You are given the following information: Stockholders' equity: $3.75 billion; price/earnings ratio= 3.5, common shares outstanding- 50 milion; and market/book ratio= 1/9. What is the price of a share of a company's common stock?
![]() |
You are given the following information: Stockholders' equity: $3.75 billion; price/earnings ratio= 3.5, common shares outstanding- 50 milion; and market/book ratio= 1/9. What is the price of a share of a company's common stock?
This is going to take a little math work.

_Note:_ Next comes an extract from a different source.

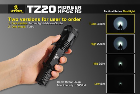 XTAR TZ20 PIONEER XP-G2 R5 【明るさMAX:430ルーメン / CREE XP-G2 R5 白色LED 搭載 / 使用電池 :
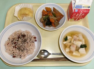 9月4日 赤飯 筑前煮 すまし汁 りんご蒸しパン

In fact, I hate when they give these problems, cause they think it shows an understanding of the accounting or finance issue, when it's really just a test of your math & algebra skills.
Set up your two equations: P/E ratio and the market/book ratio. i.e. write out what the equation is supposed to be. The PE ratio is made up of earnings per share, so you need that one too. Another good thing to figure out (looking ahead at what you'll need), is the equity per share. (Equity divided by total shares.)

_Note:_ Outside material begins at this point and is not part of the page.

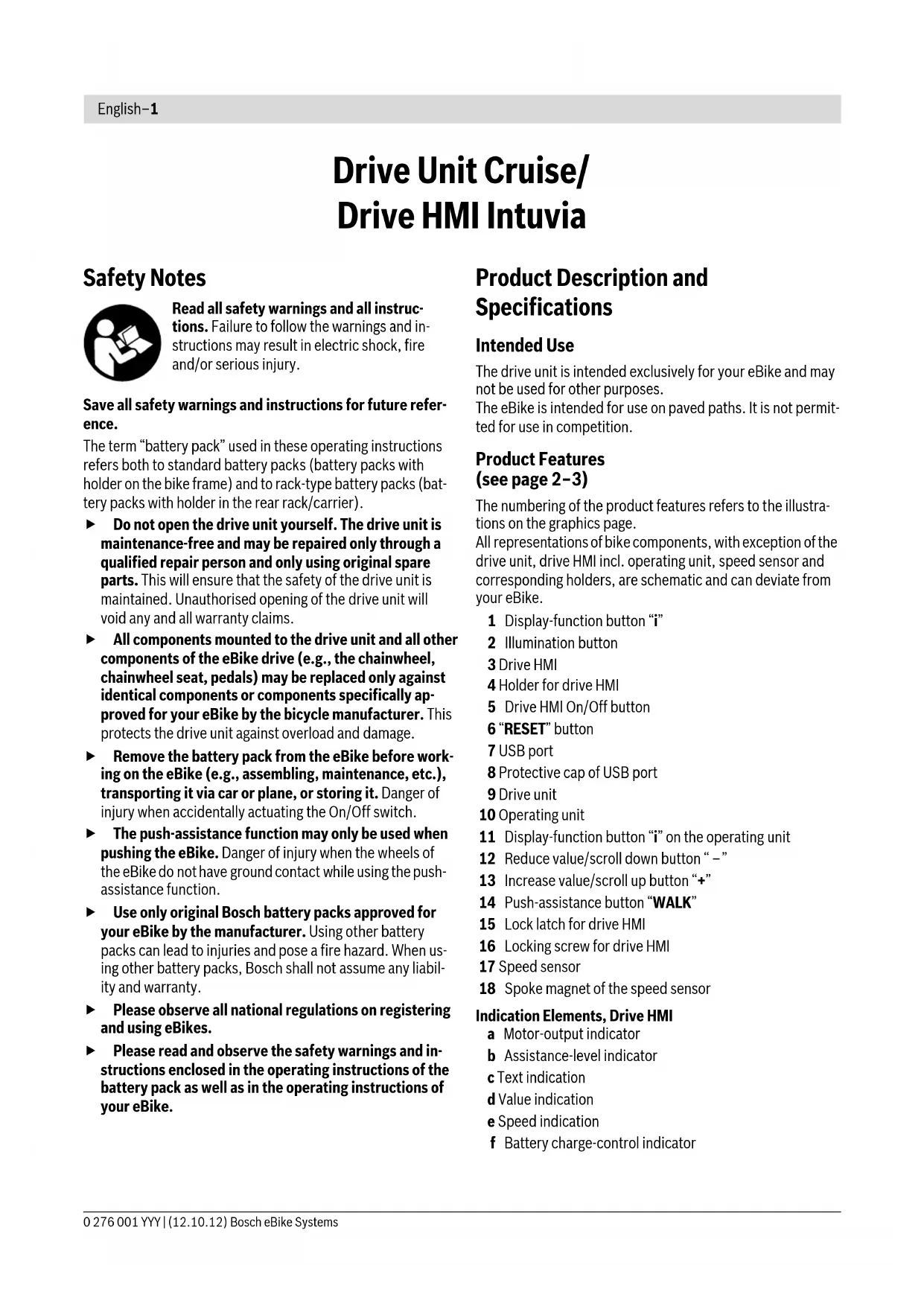 ▶ Please read and observe the safety warnings and instructions enclosed in the operating instructions of the battery pack and drive unit/drive HMI, as well as in the operating instructions of your eBike.

Then fill in what information you have available to you. You'll have some blank spots and they'll look like algebra problems. (i.e. you'll have an answer, like you know P/E is 3.5, but will have other missing things.) Look for the ones that have 2 of 3 numbers filled in and solve for the missing number. That number likely will be in another equation and you can then fill in that missing number. Etc.

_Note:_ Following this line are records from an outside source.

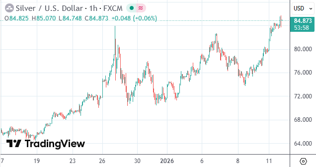 截至收盘,现货白银价格升超6%报每盎司85.15美元,日内一度涨逾7%至85.74美元;现货黄金则一度涨2.4%至每盎司4620.34美元,均刷新了2025年12月下旬录得的历史纪录。
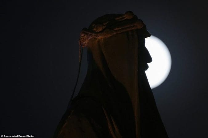 القمر العملاق فوق تمثال الملك فيصل الثاني في سماء بغداد "ديلي ميل"
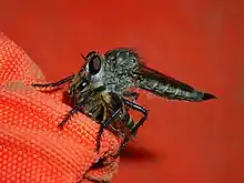 Swarming behavior or "aerial aggregations" is a common social behavior for the fly species.[5][3] There are costs and benefits to grouping with other members of your species. Individuals experience decreased rates of predation. This is due to an overall decline by predators on a swarm as well as the dilution of predator attacks per individual. Feeding has also been proven to be more efficient in larger populations. This may be due to group communication and direction to food and resources. Lastly, swarming of males increases the attraction of females, because the sound of the flight tone is amplified when they band together.[1] This may not necessarily increase reproductive success of all individuals, but rather individuals that are able to detect and mate with females first experience the benefit of increased reproductive fitness.[2]

This is the way to always work something like this. Write down all your equations. If anything in the equation requires an equation, write it down too. Fill in what you have. Then start solving for what you don't know.
Again, give it a try. Come back with what you manage to put together and we can lead you from there.
Book value of shares = 3,750,000,000
Common shares = 50,000,000
Book value per share = 3,750,000/ 50,000,000
= $75
Market/ book ratio = Market value per share/ bookvalue per share = 1.9
Market value per share = 1.9 x 75 = $142.50
The thread is a year and a half old. You've been doing quite a bit of pulling up of old threads, even after I made a point of it here:
https://www.askmehelpdesk.com/financ...ock-56755.html
It gets a bit annoying wasting time reading something just to discover it's something old.